Assignment: Using the data below, return all lines in which "that" appears.

Source material:
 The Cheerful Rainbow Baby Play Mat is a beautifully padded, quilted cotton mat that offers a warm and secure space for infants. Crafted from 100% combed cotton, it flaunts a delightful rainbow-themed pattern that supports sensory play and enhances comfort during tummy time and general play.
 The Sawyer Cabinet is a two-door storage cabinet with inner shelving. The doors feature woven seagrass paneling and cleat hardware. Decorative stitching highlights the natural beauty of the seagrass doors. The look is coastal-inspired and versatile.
* * *
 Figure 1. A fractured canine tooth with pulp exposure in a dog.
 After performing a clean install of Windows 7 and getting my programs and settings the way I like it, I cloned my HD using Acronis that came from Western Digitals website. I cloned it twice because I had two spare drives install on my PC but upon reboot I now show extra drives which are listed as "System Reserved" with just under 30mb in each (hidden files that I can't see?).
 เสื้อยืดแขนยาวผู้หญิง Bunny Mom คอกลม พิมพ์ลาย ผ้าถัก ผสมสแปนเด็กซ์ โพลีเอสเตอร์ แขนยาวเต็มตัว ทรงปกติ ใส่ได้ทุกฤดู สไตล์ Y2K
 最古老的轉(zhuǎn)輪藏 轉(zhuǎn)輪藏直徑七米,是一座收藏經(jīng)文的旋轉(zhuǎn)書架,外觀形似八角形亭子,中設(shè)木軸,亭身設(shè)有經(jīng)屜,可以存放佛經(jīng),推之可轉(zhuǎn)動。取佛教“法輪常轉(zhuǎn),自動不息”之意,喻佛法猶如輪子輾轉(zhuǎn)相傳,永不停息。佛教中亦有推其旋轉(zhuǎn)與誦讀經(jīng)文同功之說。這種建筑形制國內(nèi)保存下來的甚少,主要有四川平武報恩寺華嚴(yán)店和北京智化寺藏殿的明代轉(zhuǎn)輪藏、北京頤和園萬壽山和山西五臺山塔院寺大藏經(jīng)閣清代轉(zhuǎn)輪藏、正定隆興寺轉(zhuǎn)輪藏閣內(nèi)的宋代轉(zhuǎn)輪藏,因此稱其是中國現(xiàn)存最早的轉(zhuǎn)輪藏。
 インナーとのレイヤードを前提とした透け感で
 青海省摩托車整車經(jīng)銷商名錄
* * *
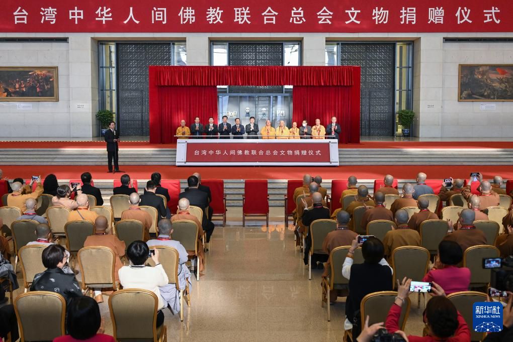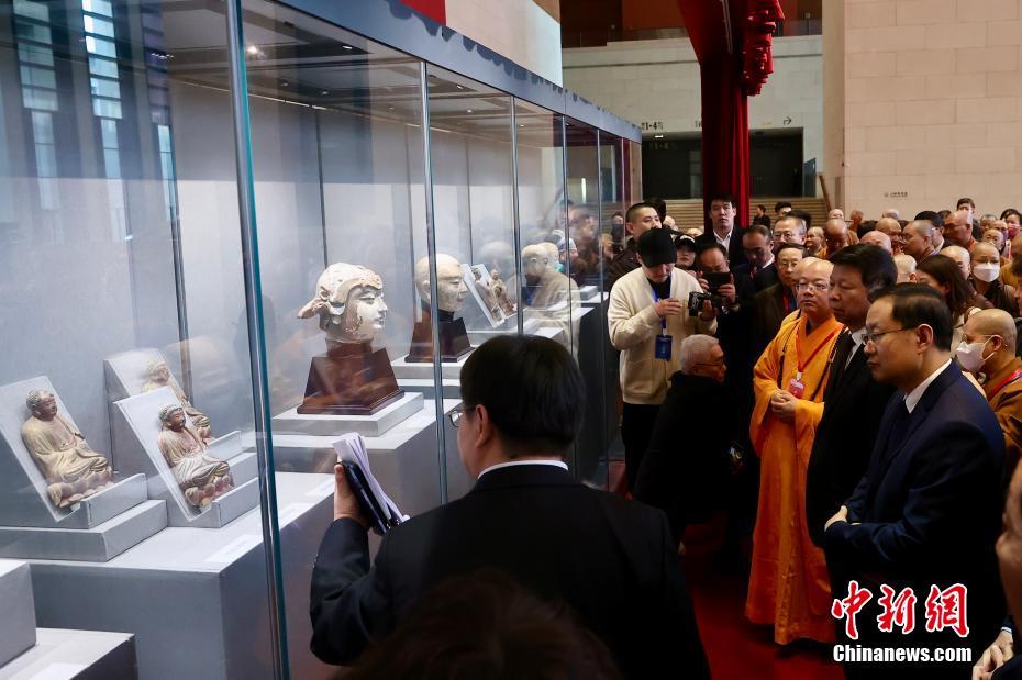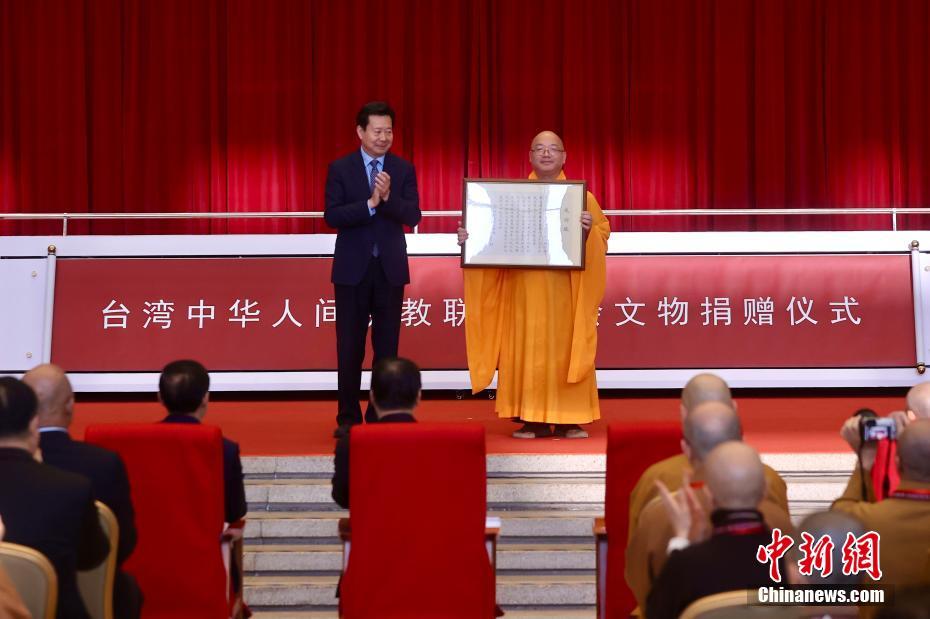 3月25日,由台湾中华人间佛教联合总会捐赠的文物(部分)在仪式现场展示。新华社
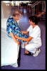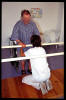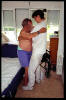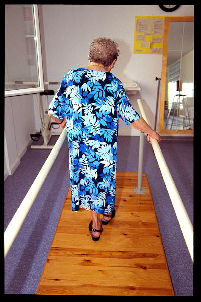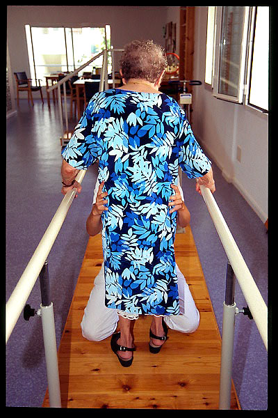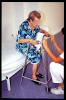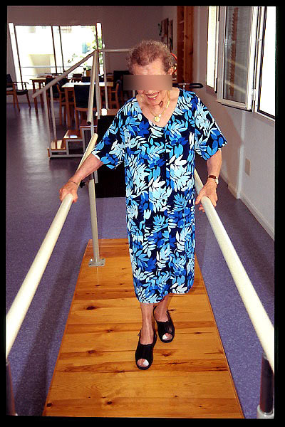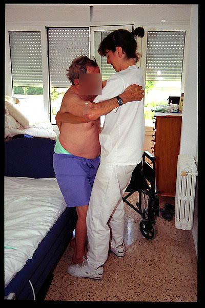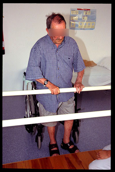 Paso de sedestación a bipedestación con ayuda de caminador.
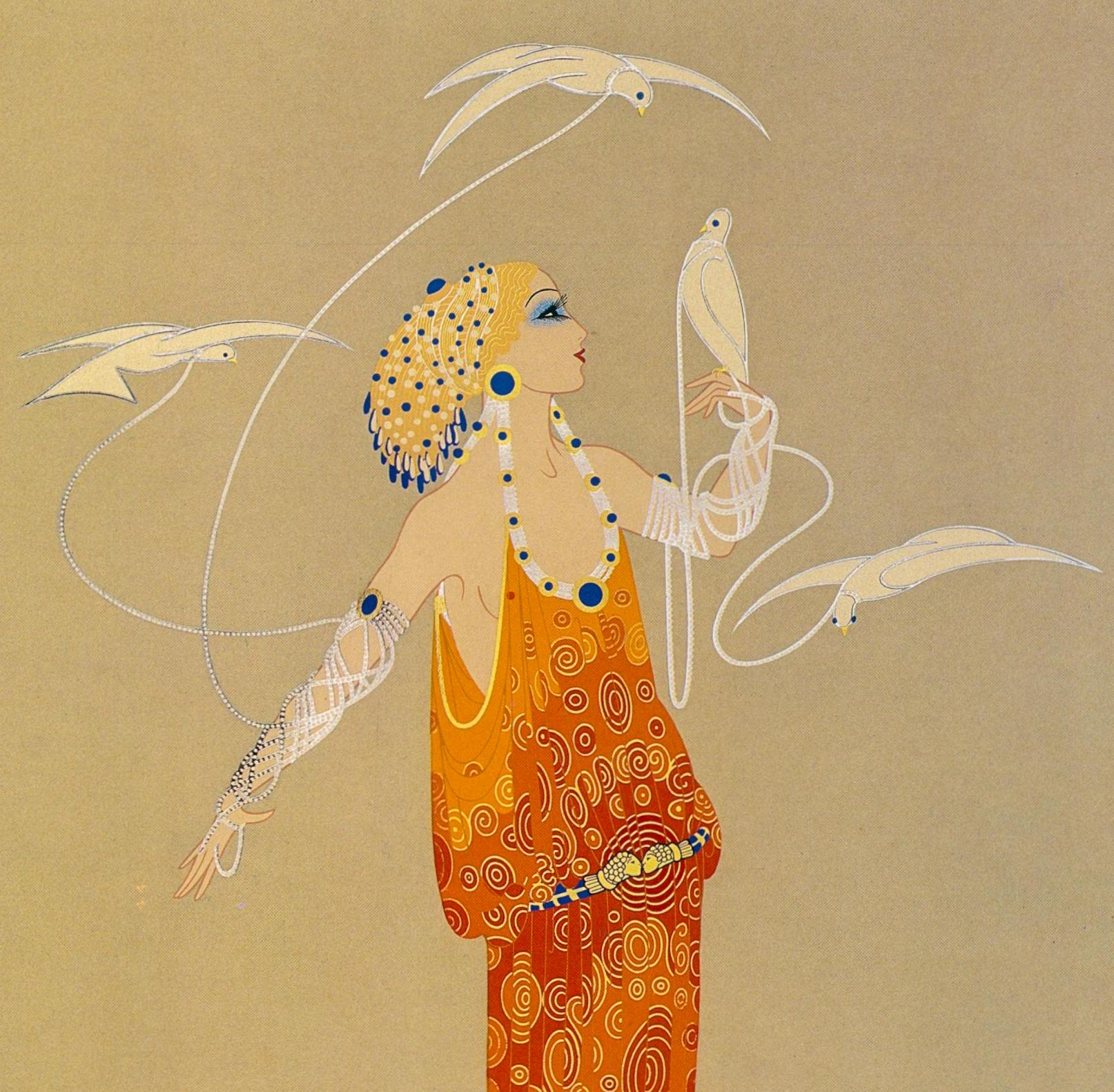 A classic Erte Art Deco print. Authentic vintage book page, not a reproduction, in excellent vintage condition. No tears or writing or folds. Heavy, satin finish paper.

Written solution:
 The Cheerful Rainbow Baby Play Mat is a beautifully padded, quilted cotton mat that offers a warm and secure space for infants. Crafted from 100% combed cotton, it flaunts a delightful rainbow-themed pattern that supports sensory play and enhances comfort during tummy time and general play.
 After performing a clean install of Windows 7 and getting my programs and settings the way I like it, I cloned my HD using Acronis that came from Western Digitals website. I cloned it twice because I had two spare drives install on my PC but upon reboot I now show extra drives which are listed as "System Reserved" with just under 30mb in each (hidden files that I can't see?).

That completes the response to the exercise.